THE TASK >>
Leave the images aside and copy out the whole listing, exact to the word.
═══ DATA SEGMENT
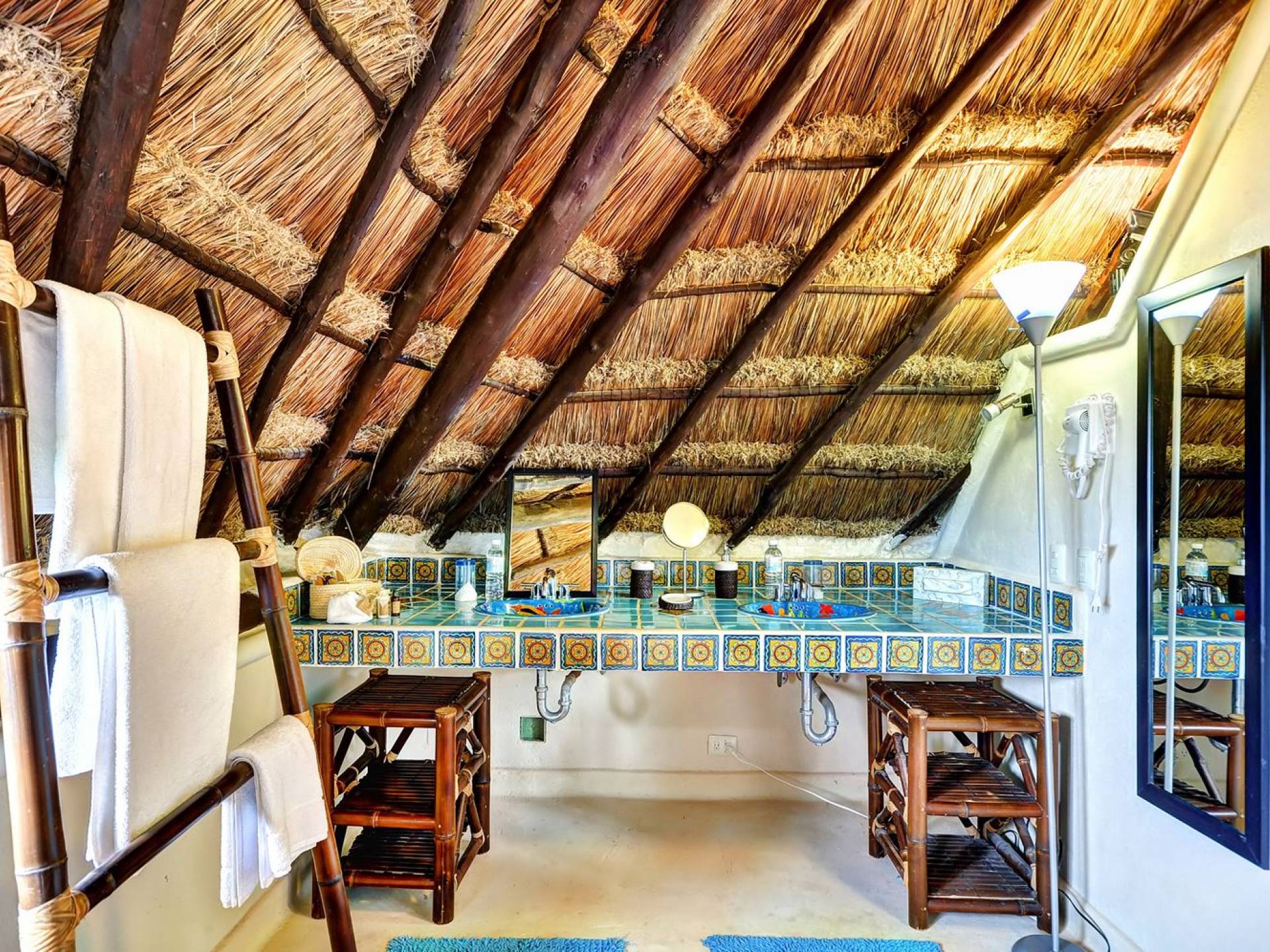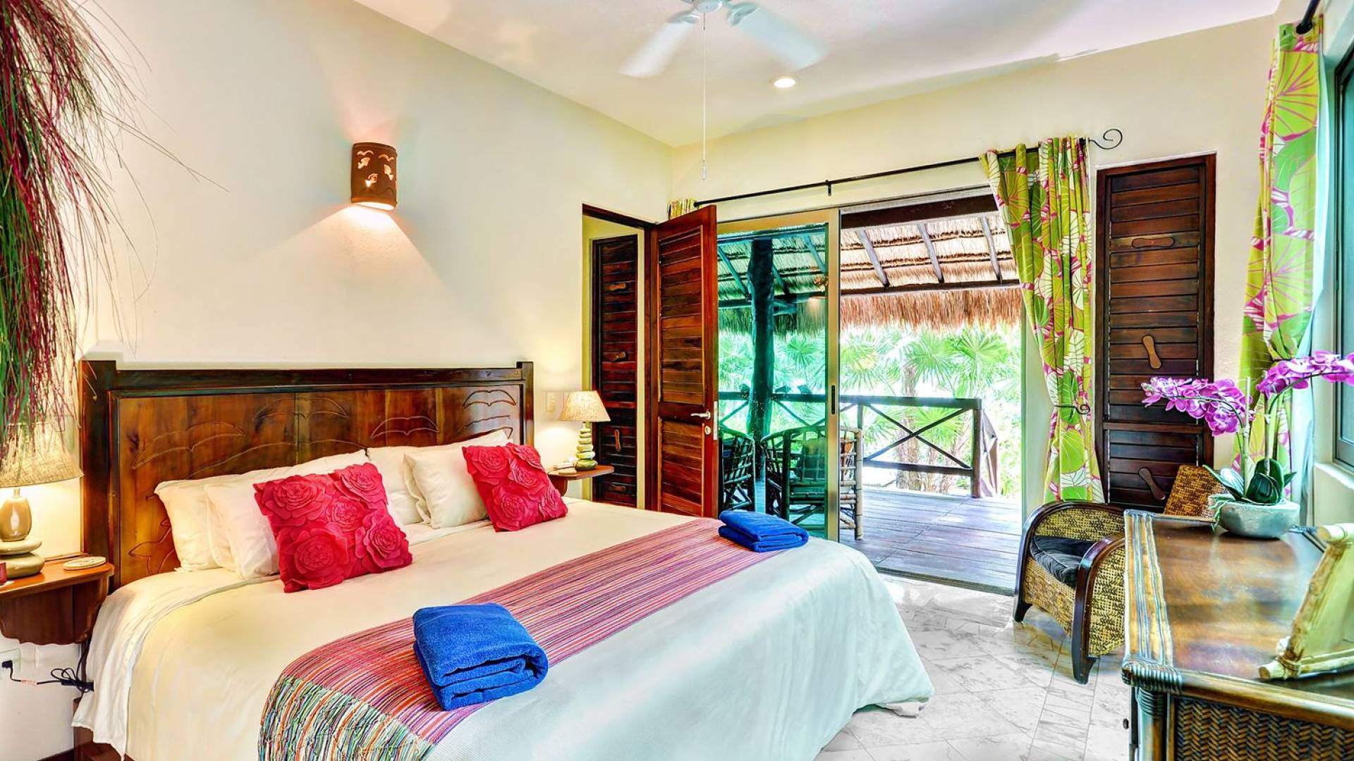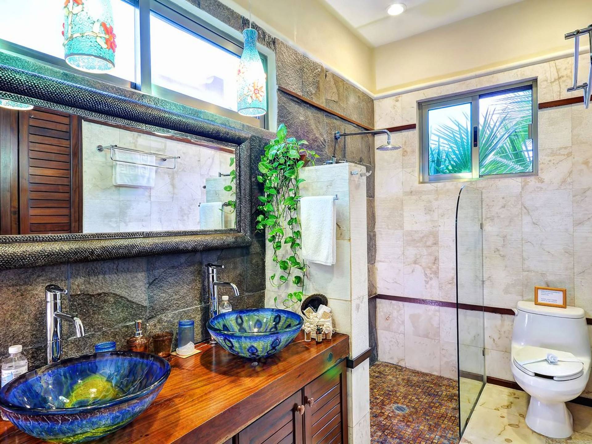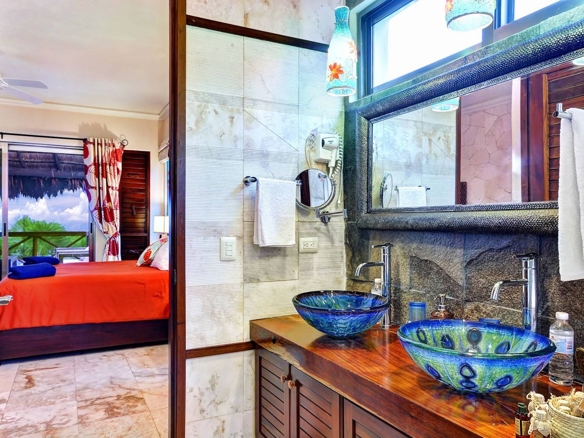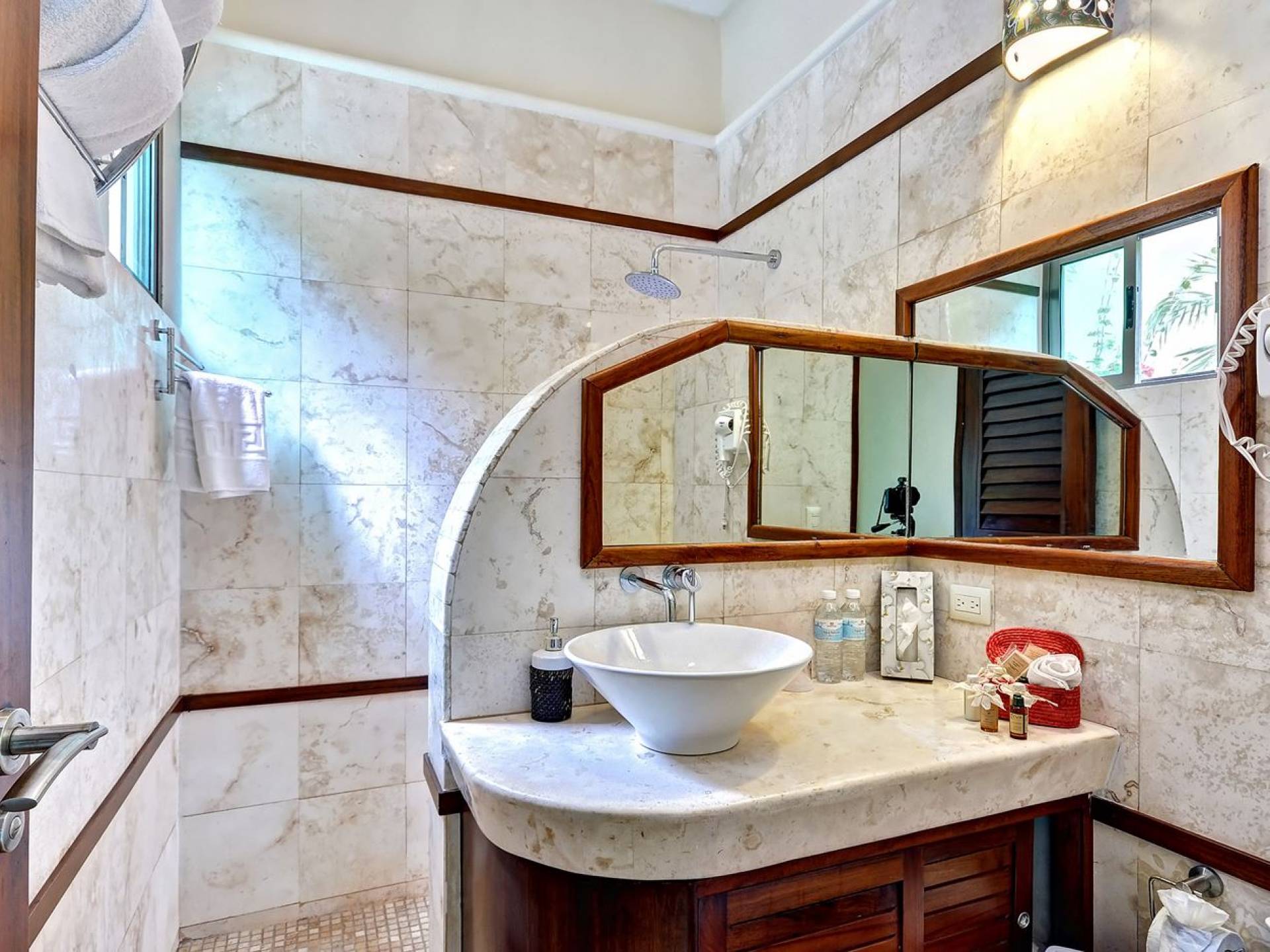 Sombras del Viento is nestled between the lush tropical jungle and Soliman Bay, a beautiful nature reserve. This tropical haven will encourage you to relax while admiring the magnificent colors of the Caribbean Sea. Its blend of natural materials (exotic woods, palapas) with luxurious finishes (marble, granite), graced with the presence of the sea and breathtaking ocean views make Sombras del Viento one of the nicest private villas in Soliman Bay.
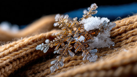 A close-up of snowflakes falling on a woolen glove, each flake intricate and unique against the soft fabric.
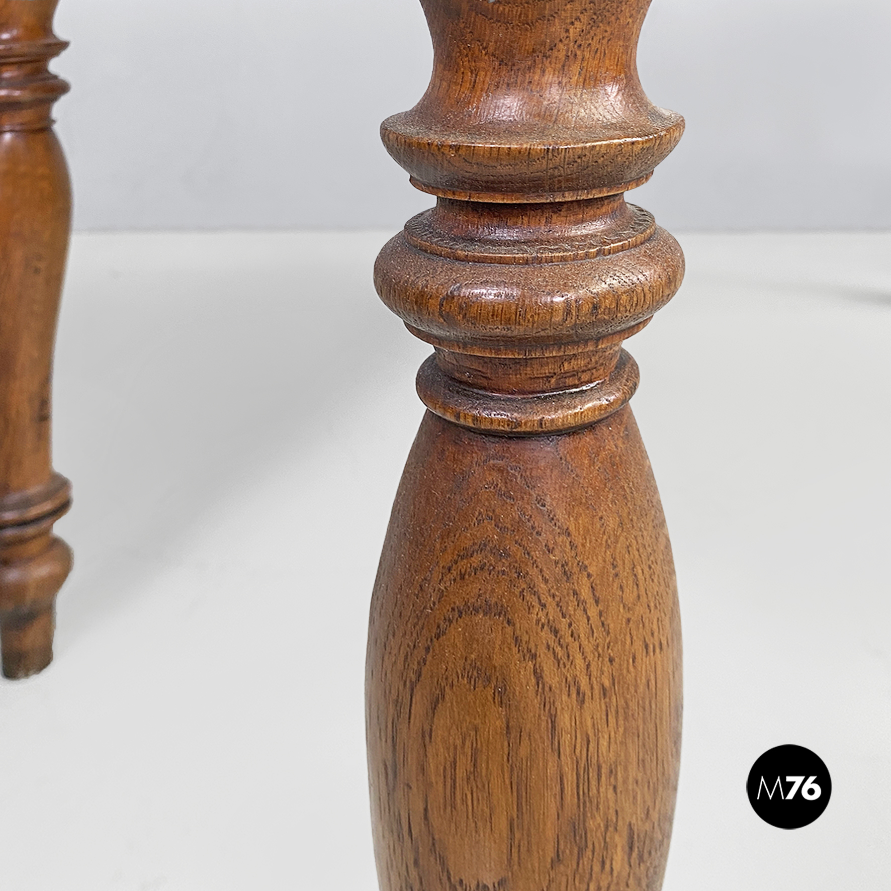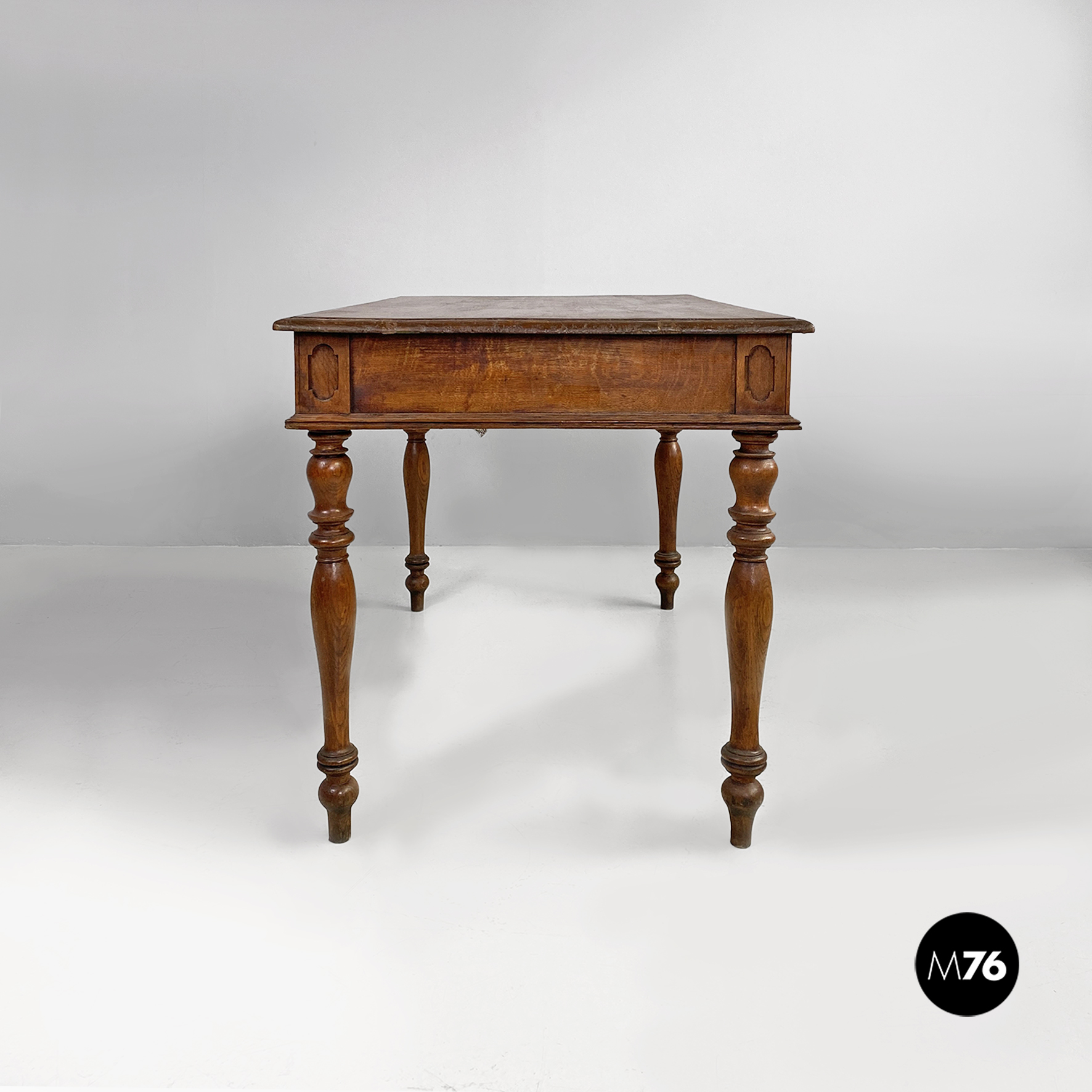 Tavolo da pranzo con piano rettangolare interamente in legno. Con due cassetti con pomoli in legno tondi, sui lati e sul davanti presenta decorazioni. Con quattro gambe tornite e piedini a sezione tonda. Uno dei due cassetti ha tre listelli di legno che formano quattro scompartimenti. Utilizzabile anche come scrivania.
══════
ANSWER TO THE EXERCISE >>
 Sombras del Viento is nestled between the lush tropical jungle and Soliman Bay, a beautiful nature reserve. This tropical haven will encourage you to relax while admiring the magnificent colors of the Caribbean Sea. Its blend of natural materials (exotic woods, palapas) with luxurious finishes (marble, granite), graced with the presence of the sea and breathtaking ocean views make Sombras del Viento one of the nicest private villas in Soliman Bay.
 A close-up of snowflakes falling on a woolen glove, each flake intricate and unique against the soft fabric.
 Tavolo da pranzo con piano rettangolare interamente in legno. Con due cassetti con pomoli in legno tondi, sui lati e sul davanti presenta decorazioni. Con quattro gambe tornite e piedini a sezione tonda. Uno dei due cassetti ha tre listelli di legno che formano quattro scompartimenti. Utilizzabile anche come scrivania.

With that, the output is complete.